▸ **Task statement**
Below are some records. Output the lines from the first one through the line that holds "光明区新时代文明实践中心(所", exactly as written, with no pictures.

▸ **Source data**
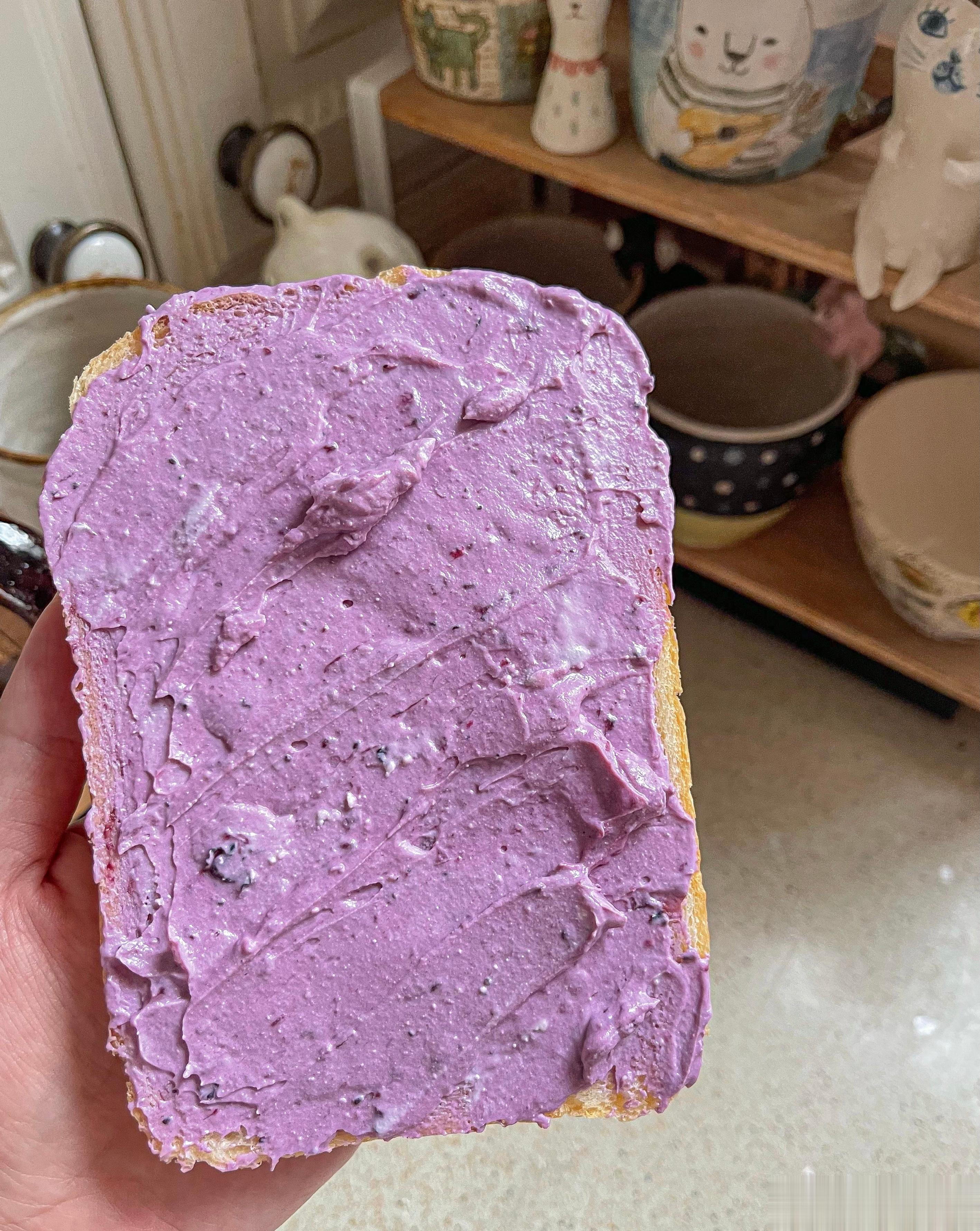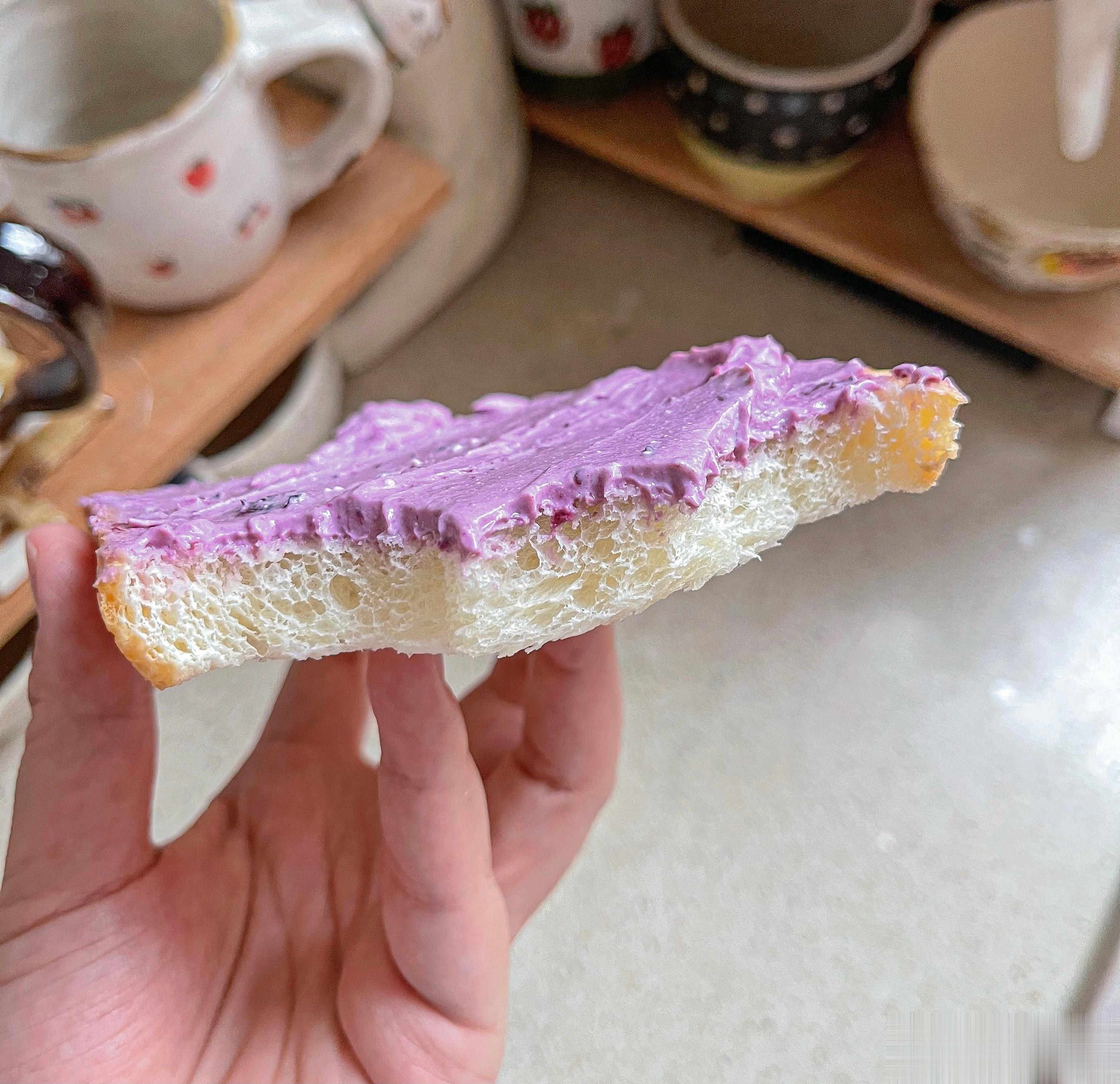 自己做的吐司切片自己做的果酱和涂抹式奶酪拌在一起,抹面包吃这种幸福感谁懂[哈哈]
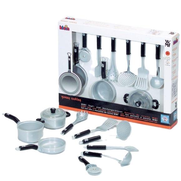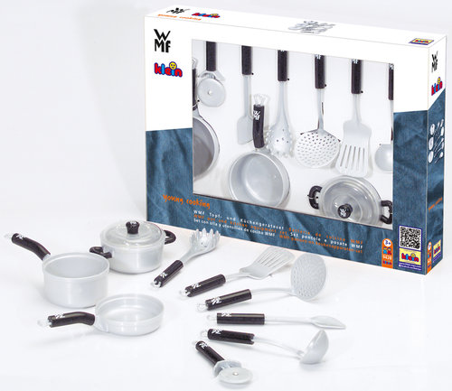 Klein 9428 Zestaw naczyń i akcesoriów kuchennych W skład zestawu wchodzą garnek z uchwytami, garnek z rączką, patelnia, pasująca do nich przezroczysta pokrywka oraz akcesoria kuchenne: nóż do krojenia pizzy, łyżka do makaronu, łopatka do obracania, łyżka z dziurkami i szpatułka. Wszystkie przyrządy są w kolorze srebrnym, a dodatkowo zdobi je logo rozpoznawalnej firmy WMF, która jest producentem wysokiej jakości akcesoriów kuchennych. Ponadto wszystkie elementy zestawu, oprócz garnka z uchwytami, posiadają wygodne rączki zakończone zawieszkami, dzięki którym z łatwością można je powiesić na haczykach. Zestaw WMF zachwyci każde dziecko, które uwielbia obserwować i pomagać swojej mamie i rodzinie w kuchni. Ich wielkość jest dopasowana do potrzeb i rączek dziecka, a dzięki plastikowym elementom są zupełnie bezpieczne podczas zabawy. Zestaw może być również świetnym uzupełnieniem pozostałych zestawów kuchennych firmy Klein. W zestawie znajdują się garnki i akcesoria kuchenne Długość przyrządów kuchennych: ok. 17 cm Średnica garnków: 8 cm Wymiary opakowania: 40 x 30 x 6 cm Zabawka od 3 roku życia
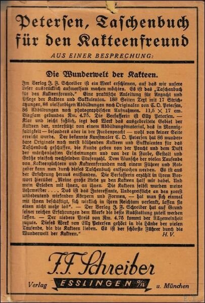 Brochiert mit Schutzumschlag, 120 x 170mm., 180S. + Tabeln coloriert. Eine praktische Unleitung fur Unzucht und Pflege der Kakteen und Sukkulenten. Guter Zustand.
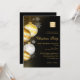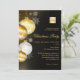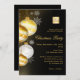 An invitation for a business, company Christmas Party. Classic black background. Decorated with gold and white baubles. Personalise and add your logo, and the party details.
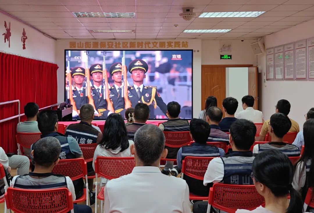 光明区新时代文明实践中心(所、站)积极组织集中观看活动,辖区居民、党员和社区工作者通过大屏幕共同观看了这场盛大阅兵。在观看现场,官兵们整齐划一的步伐、昂扬抖擞的精神以及首次公开亮相的新型装备,引发了阵阵赞叹声,大家深切感受到了国家日益强大的国防与科技实力,经历了一次深刻的爱国主义教育和精神洗礼。
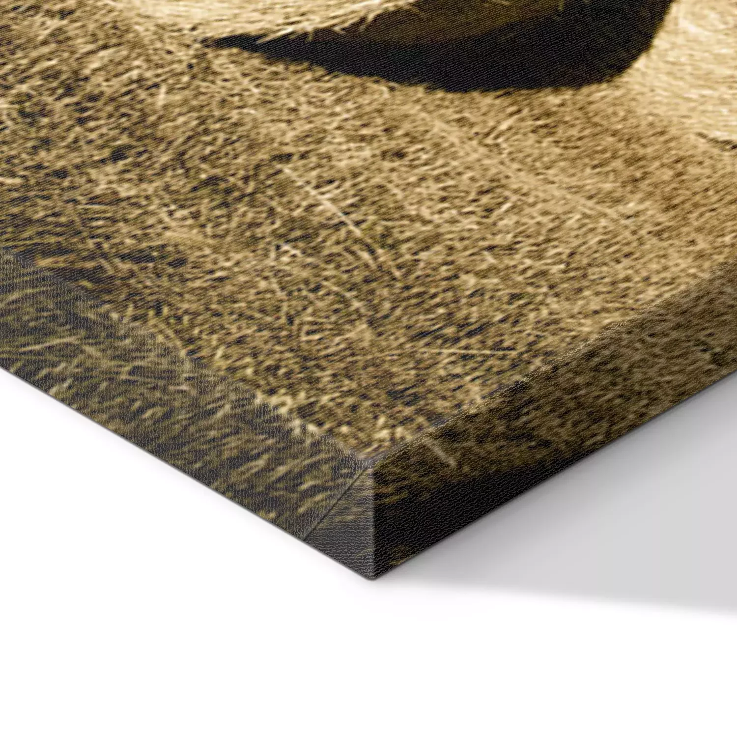 De print wordt aangebracht op hoogwaardig canvas dat op een schildersweefgetouw (spieraam) wordt gespannen. Omdat de print de zijranden bedekt, hoeft het ontwerp niet met een extra kader te worden omlijst. Wij raden ook composities aan die uit meerdere foto's bestaan en zo een coherente compositie vormen.

▸ **Result below**
 自己做的吐司切片自己做的果酱和涂抹式奶酪拌在一起,抹面包吃这种幸福感谁懂[哈哈]
 Klein 9428 Zestaw naczyń i akcesoriów kuchennych W skład zestawu wchodzą garnek z uchwytami, garnek z rączką, patelnia, pasująca do nich przezroczysta pokrywka oraz akcesoria kuchenne: nóż do krojenia pizzy, łyżka do makaronu, łopatka do obracania, łyżka z dziurkami i szpatułka. Wszystkie przyrządy są w kolorze srebrnym, a dodatkowo zdobi je logo rozpoznawalnej firmy WMF, która jest producentem wysokiej jakości akcesoriów kuchennych. Ponadto wszystkie elementy zestawu, oprócz garnka z uchwytami, posiadają wygodne rączki zakończone zawieszkami, dzięki którym z łatwością można je powiesić na haczykach. Zestaw WMF zachwyci każde dziecko, które uwielbia obserwować i pomagać swojej mamie i rodzinie w kuchni. Ich wielkość jest dopasowana do potrzeb i rączek dziecka, a dzięki plastikowym elementom są zupełnie bezpieczne podczas zabawy. Zestaw może być również świetnym uzupełnieniem pozostałych zestawów kuchennych firmy Klein. W zestawie znajdują się garnki i akcesoria kuchenne Długość przyrządów kuchennych: ok. 17 cm Średnica garnków: 8 cm Wymiary opakowania: 40 x 30 x 6 cm Zabawka od 3 roku życia
 Brochiert mit Schutzumschlag, 120 x 170mm., 180S. + Tabeln coloriert. Eine praktische Unleitung fur Unzucht und Pflege der Kakteen und Sukkulenten. Guter Zustand.
 An invitation for a business, company Christmas Party. Classic black background. Decorated with gold and white baubles. Personalise and add your logo, and the party details.
 光明区新时代文明实践中心(所、站)积极组织集中观看活动,辖区居民、党员和社区工作者通过大屏幕共同观看了这场盛大阅兵。在观看现场,官兵们整齐划一的步伐、昂扬抖擞的精神以及首次公开亮相的新型装备,引发了阵阵赞叹声,大家深切感受到了国家日益强大的国防与科技实力,经历了一次深刻的爱国主义教育和精神洗礼。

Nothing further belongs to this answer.